Today, we're going to look at the ecosystem that is a tree, the tiny living organisms that rely on that tree to sustain them. Get out your magnifying glasses folks and prepare to hear about the connections between the US Constitution, what, and the sexologist Alfred Kinsey of Kinsey Report [unintelligible 00:01:12] what, Darwin too and the movie Alien, what, and the party going on right now on your local tree. Quite a story about to come your way. Back with us is our guide for this adventure, urban ecologist Marielle Anzelone, founder of New York City Wildflower Week who proposed this project and has offered her expertise in putting it together. Hi again, Marielle. Happy August.
Marielle Anzelone: Hi, Brian. Happy August to you.
Brian Lehrer: She's joined by two other guests this month, James Lendemer, a lichenologist at CUNY and the New York Botanical Garden and the co-author with Jessica Allen of Urban Lichens: A Field Guide for Northeastern North America and Miles Zhang, an evolutionary biologist specializing in the study of parasitic wasps with the United States Department of Agriculture. Miles and James, welcome to WNYC.
James Lendemer: Great.
Miles Zhang: Thanks, Brian, for having us.

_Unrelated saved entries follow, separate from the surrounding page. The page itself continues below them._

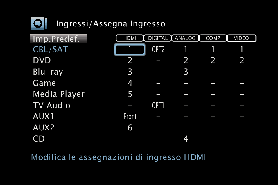 Cambiare l’assegnazione del connettore di ingresso HDMI, connettore di ingresso audio digitale, connettore di ingresso audio analogico, video composito, connettore di ingresso a componenti e connettore ingresso video quando si collega una sorgente di ingresso diversa da quella stampata sui connettori di ingresso audio/video di questa unità.
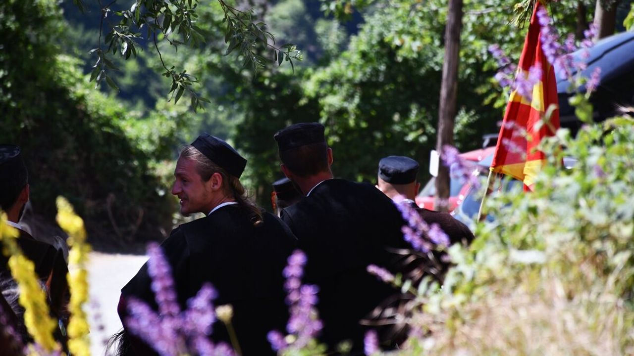 Kuzey Makedonya'nın farklı bölgelerinden ve yurt dışından gelen çok sayıda ziyaretçi, gelin ve damadın geleneksel adetlere göre evlendiği bu özel törene tanıklık etti.
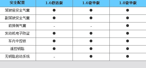 安全方面,搭配了正副驾驶座安全气囊、ABS、EBD等配置的舒适版车型已足够满足安全方面的保障,1.8L车型上则增加了前排侧气囊。豪华车型还增加了无钥匙启动配置。
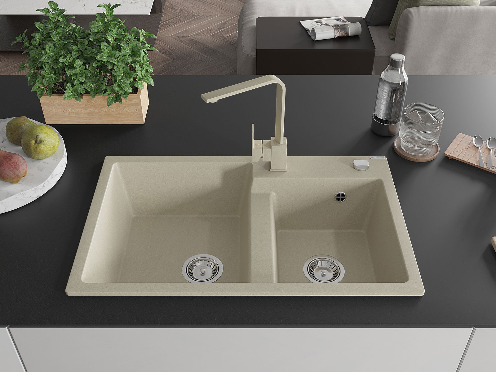Повърхността на мивката е устойчива на петна и обезцветяване, благодарение на които е лесно да се почиства и запазва цвета си за дълго време. Естетически и практически допълващи всяка кухня.
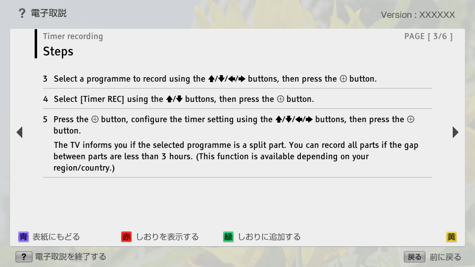 - The TV informs you if the selected programme is a split part. You can record all parts if the gap between parts are less than 3 hours. (This function is available depending on your region/country.)
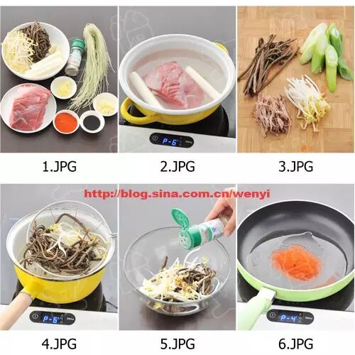 5)锅中倒入香油(30ml),调成小火,将辣椒粉倒入,慢慢炒出香味后,放入拌好的牛肉丝,蕨菜,豆芽,调成小火翻炒2分钟。
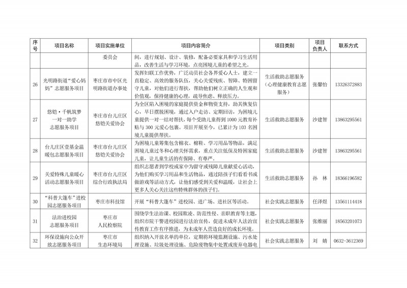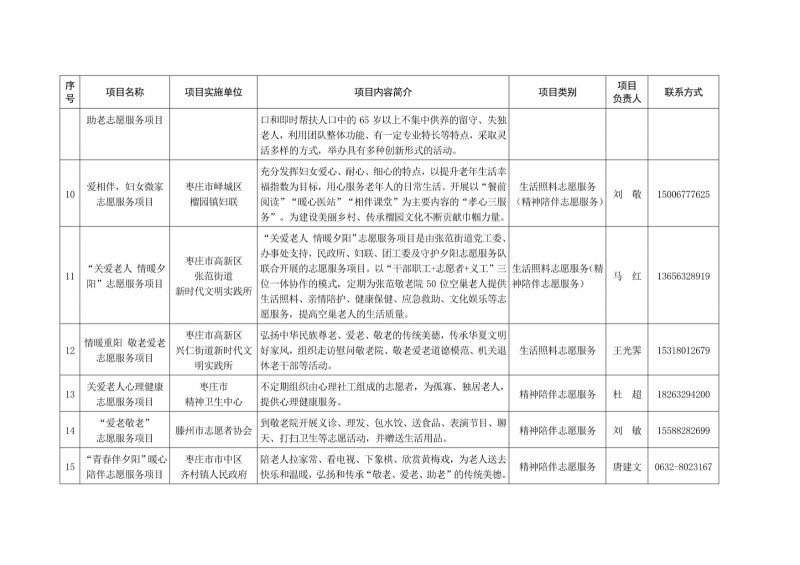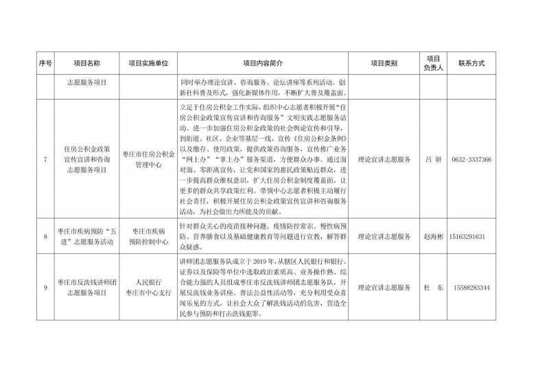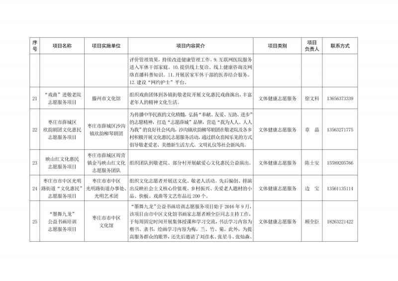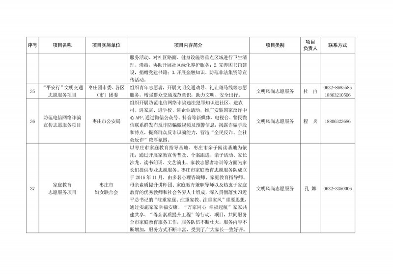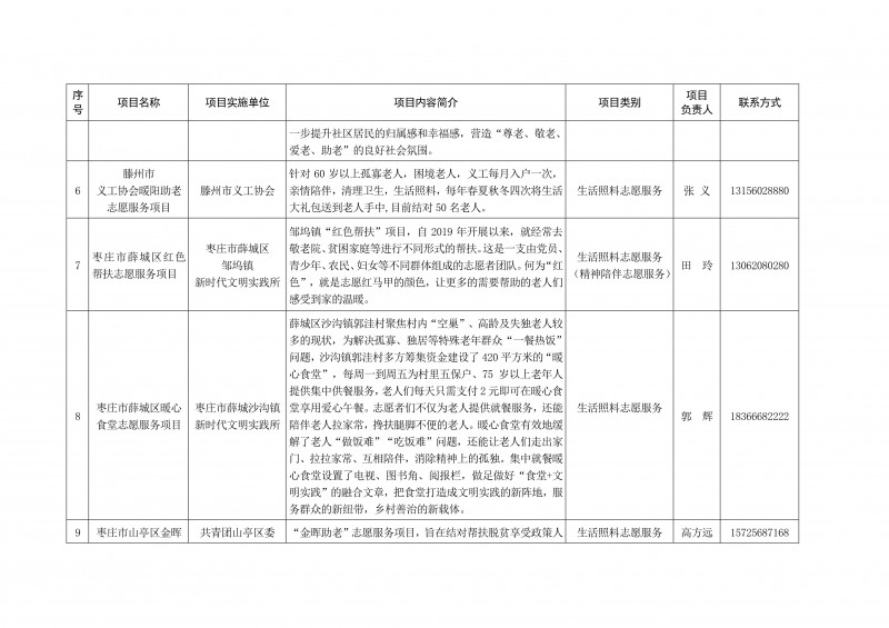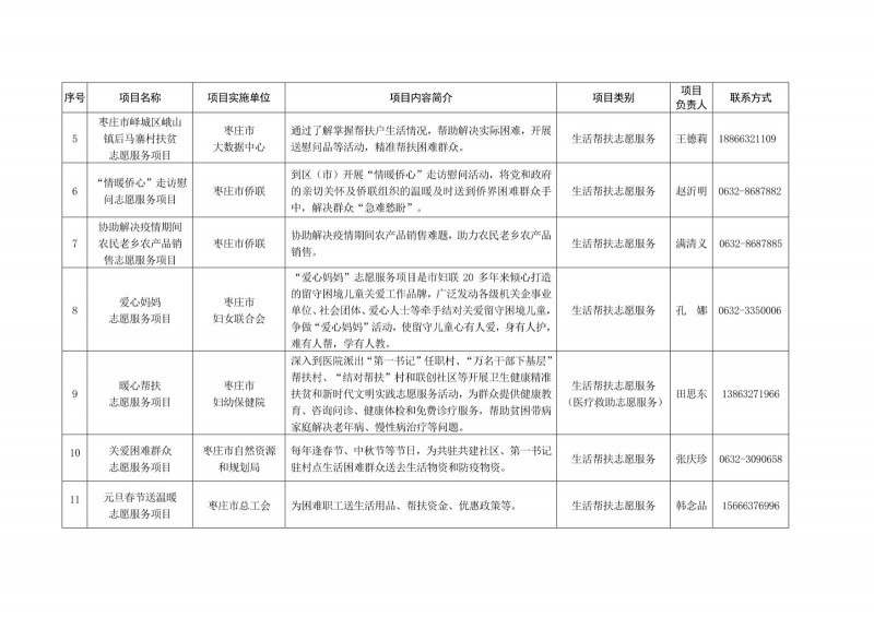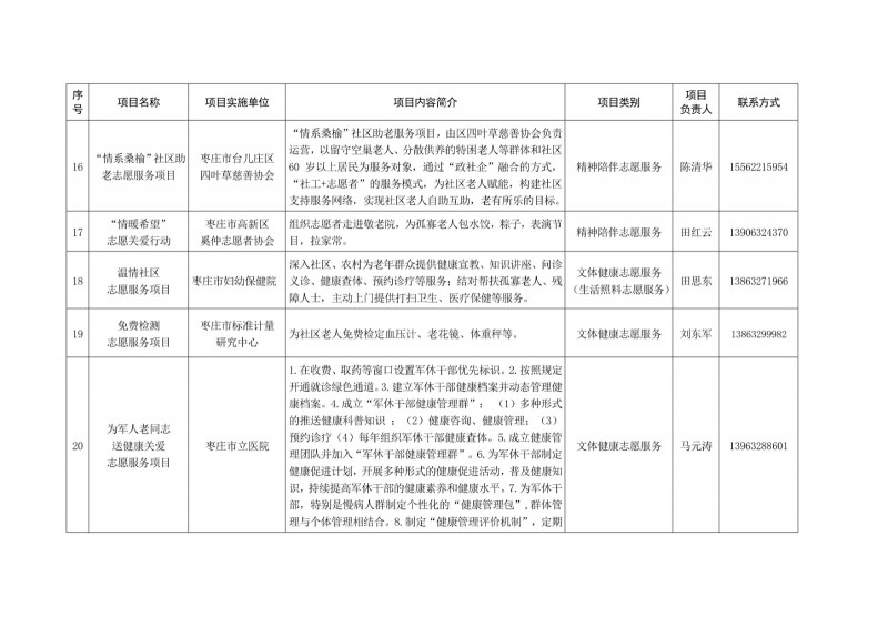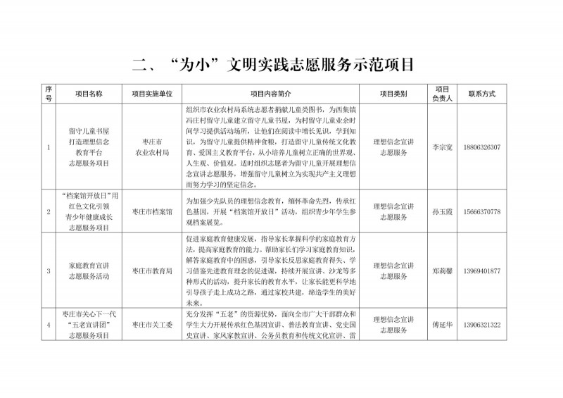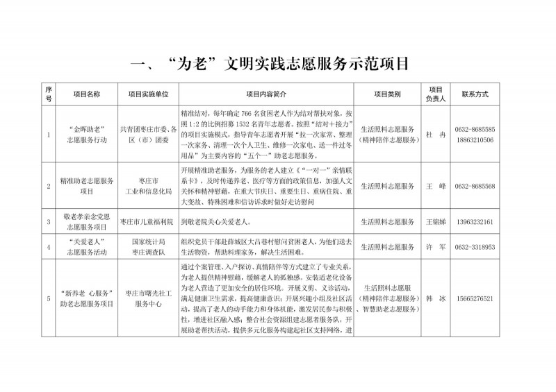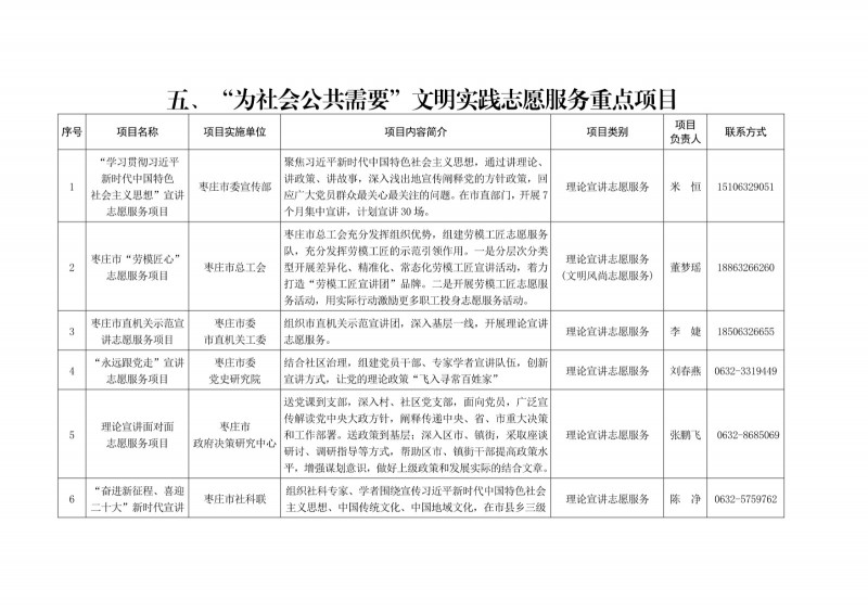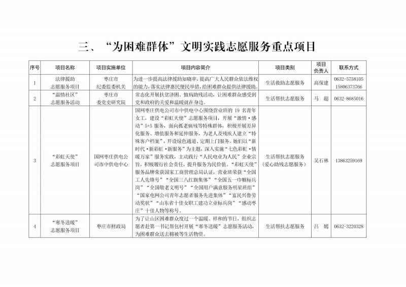 為進一步深化“五為”文明實踐志愿服務,推動文明實踐志愿服務有效供給、精準服務,棗莊市文明辦面向全市廣泛征集志愿服務項目,現挑選主題突出、特色鮮明、運行良好的200個重點志愿服務項目,向社會公開發布,有需求的群體和個人可與相應項目負責人聯系,各項目實施單位將積極為大家提供服務,歡迎廣大志愿者踴躍參與“五為”文明實踐志愿服務活動,共同樹立文明棗莊新風尚。

Brian Lehrer: Listeners, we may have time for a few phone calls for our guests, so if you have a question about lichens or gall wasps or other creatures living in your chosen tree that we have definitely never talked about on this show, call us at 212-433-WNYC, 212-433-9692 or tweet @BrianLehrer. James and Miles, you each study different, I'll say, living things that make their homes on trees. Lichen for James and parasitic wasps, and specifically gall wasps, for Miles. Let's hear more about them. Miles, where would we find gall wasps in New York City, for example, and how would we know one if we saw one?
Miles Zhang: They're mostly found on oaks. I think in New York, you guys have a lot of pin oaks. Try looking on the leaves, the stems. If you find some sort of growth on there like a little ball shape or some kind of almost like a tumor, that's a gall that's made by a gall wasp. They lay their eggs in there and the larva will eat and develop inside the gall and then start emerging and then they will repeat the cycle all over again. They do this twice a year. Just go out there, look for oaks, and you should be able to find them.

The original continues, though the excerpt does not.